What is known as prompt engineering is essentially a form of reverse engineering, which is how to prepare training data for instruction fine-tuning and contextual learning.

Retrieval-Augmented Generation (RAG)

Due to cost and time reasons, using LLMs often lags in the freshness of training data. To address this issue, LLMs can be used in a retrieval-augmented generation (RAG) manner. In this example, we do not want LLMs to generate text solely based on the data they were trained on, but rather to incorporate other external data in some way. With RAG, LLMs can also answer (private) domain-specific questions. Thus, RAG can also be referred to as “open-book” question answering. LLM + RAG can be an alternative to classic search engines. In other words, it has the capability of information retrieval with hallucinated information.
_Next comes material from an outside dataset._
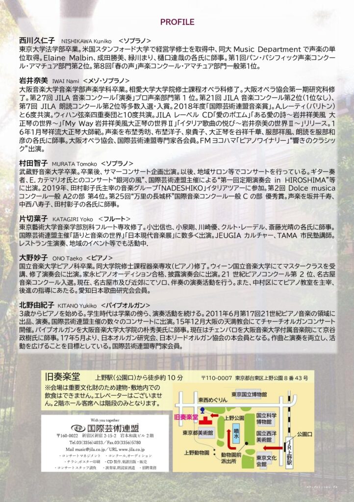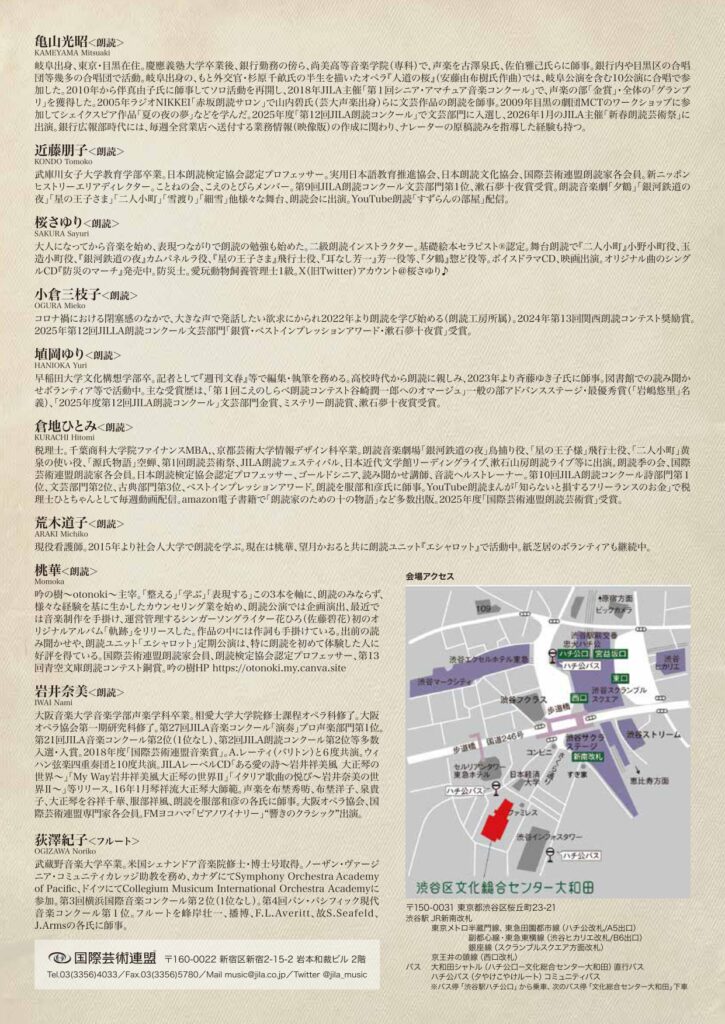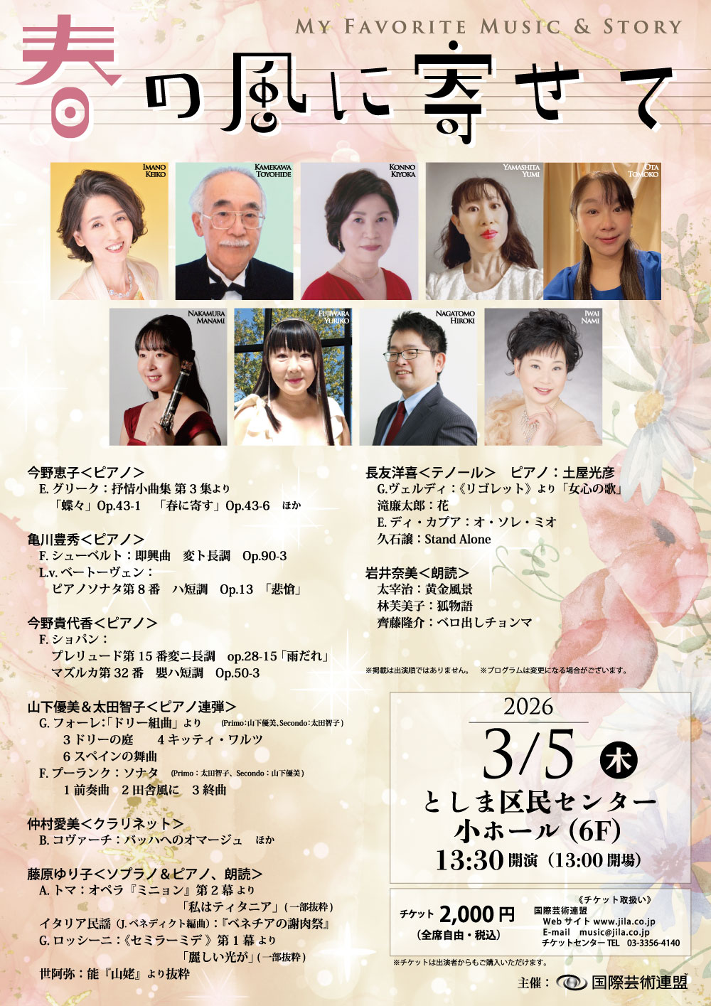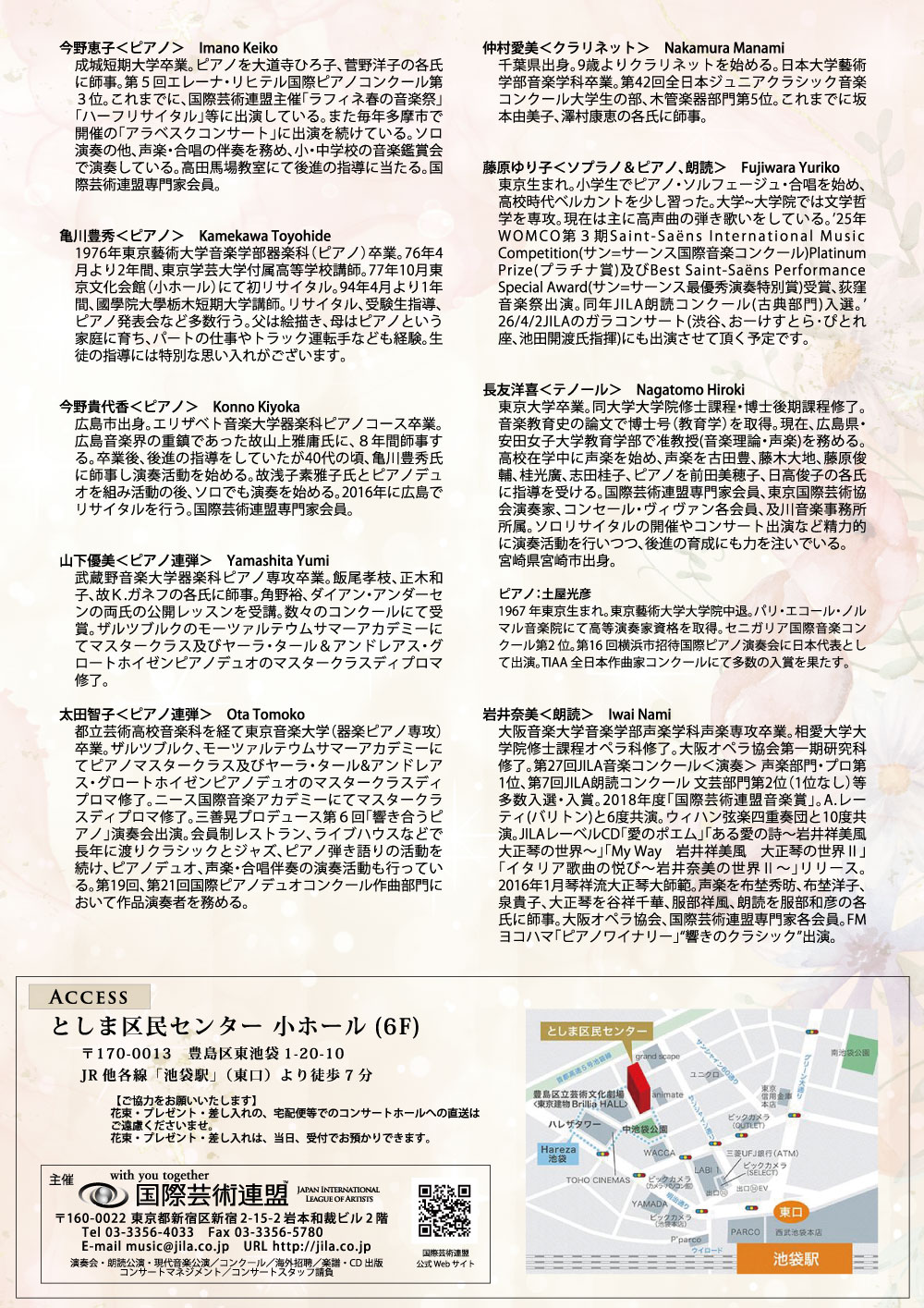 藤原ゆり子<ソプラノ&ピアノ、朗読> A.トマ:オペラ『ミニョン』第2幕より「私はティタニア」(一部抜粋) A.Thomas:Opera《Mignon》“Je suis Titania”excerpted イタリア民謡(J.ベネディクト編曲):『ベネチアの謝肉祭』 Italian Traditional(arranged by J.Benedict): “Carnival of Venice” G.ロッシーニ:オペラ『セミラーミデ』第1幕より「麗しい光が」(一部抜粋) G.Rossini:Opera《Semiramide》“Bel raggio lusinghier”excerpted 世阿弥:能『山姥』より抜粋

Currently, the retrieval component of RAG is typically implemented on a vector embedding database containing external text data using k-nearest neighbor (similarity) search. For example, DPR defines the training of the encoder as a metric learning problem. However, it is worth noting that information retrieval is typically based on relevance, which differs from similarity. It is expected that there will be more improvements in this area in the future.

Conclusion

LLMs are an exciting field that is bound to experience rapid innovation. I hope this article helps in understanding how they work. Besides excitement, it should also be noted that LLMs learn language differently from humans—they lack the social and perceptual contexts that human language learners use to infer the relationship between language and speaker mental states, and they are trained in a way that differs from human thought processes, which may be an area for improving LLMs or inventing new learning algorithm paradigms.